Jo Martin is an interdisciplinary artist from Yorkshire, currently based between London and Kent. Her work explores the theme of support, both structural and bodily, through a practice grounded in environmental memory, labour and care. Engaging with the often unseen or undervalued gestures of domestic, maternal and maintenance work, she brings attention to their political significance and material presence. Through textiles, painting, assemblage and writing, Martin challenges hierarchies of value and visibility. She repositions repetitive, sustaining actions as forms of resistance, confronting systems that privilege speed, extraction and productivity.
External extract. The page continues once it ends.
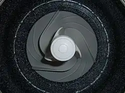 An open impeller has a hub with attached vanes and is mounted on a shaft. The vanes do not have a wall, making open impellers slightly weaker than closed or semi-closed impellers. However, as the side plate is not fixed to the inlet side of the vane, the blade stresses are significantly lower.[4] In pumps, the fluid enters the impeller's eye, where vanes add energy and direct it to the nozzle discharge. A close clearance between vanes and pump volute or back plate prevent most of fluid from flowing back. Wear on the bowl and edge of vane can be compensated by adjusting the clearance to maintain efficiency over time.[5] Because the internal parts are visible, open impellers are easier to inspect for damage and maintain than closed impellers. They can also be more easily modified to change flow properties. Open impellers operate on a narrow range of specific speed. Open impellers are usually faster and easier to maintain. For small pumps and those dealing with suspended solids, open impellers are generally used.[6] Sand locking does not occur as easily as with closed type.

Her work foregrounds the politics of care and maintenance, asking what is held, who does the holding, and how these everyday labours can be reimagined within contemporary art spaces.
Selected exhibitions:
Upcoming:
Materiality, PV: 26th September, The Handbag Factory, London, Group Show
2025
Layer Bond Build - Itch Stitch Stain, Residency, VSSL Studio, Deptford, London
Group Show, Artists Supporting Palestine, Studio 1.1, London
2024
Tribute, Uncovered Collective, Safehouse, London
Artificial Sun, Under The Roof, Arts Event, Candid Arts Gallery
RA Summer Show, London
Murmuration, Group Show, ADL Productions and J/ MGallery, London
CANCAN, group show, ASC gallery Vauxhall
Blood Sweat and Fears, group show, Proposition Gallery, Chalk Farm
2023
Art Show, the Tabernacle, group show, Portobello,
Fell down a well, group show, ESOP Studios
2022
Stars Under My Armpits, group show The ESOP Wood Green London
Mythical Political, The Fire Station Creative, Dunfermline, Scotland
2021
Art Matters, The ESOP, The Art Pavilion, Mile End, London
SPLINT! group show, David Mach RA studio, Havelock Walk, Forest Hill, London
“Painting has endless possibilities but sometimes it is necessary to restrict oneself in order to achieve one’s vision, as is the case with Jo Martin, whose ambitious assemblages are created out of somewhat forlorn, but nevertheless evocative materials. She has restricted her palette to black and white, ochres and the natural colours of sacking and other found materials. From these humble means she constructs vast assemblages which blur the boundaries of sculpture and painting, drawing and installation.”
— Hughie O’Donoghue RA
“Abstraction in chaos, being pulled back down to earth, aspirations to fly are freighted with burdens, like a crushed paper aeroplane sinking into a puddle. Jo Martins beautifully formal constructions are not so much a rag and bone shop of the soul as constructivism reinvented by a cowboy builder.”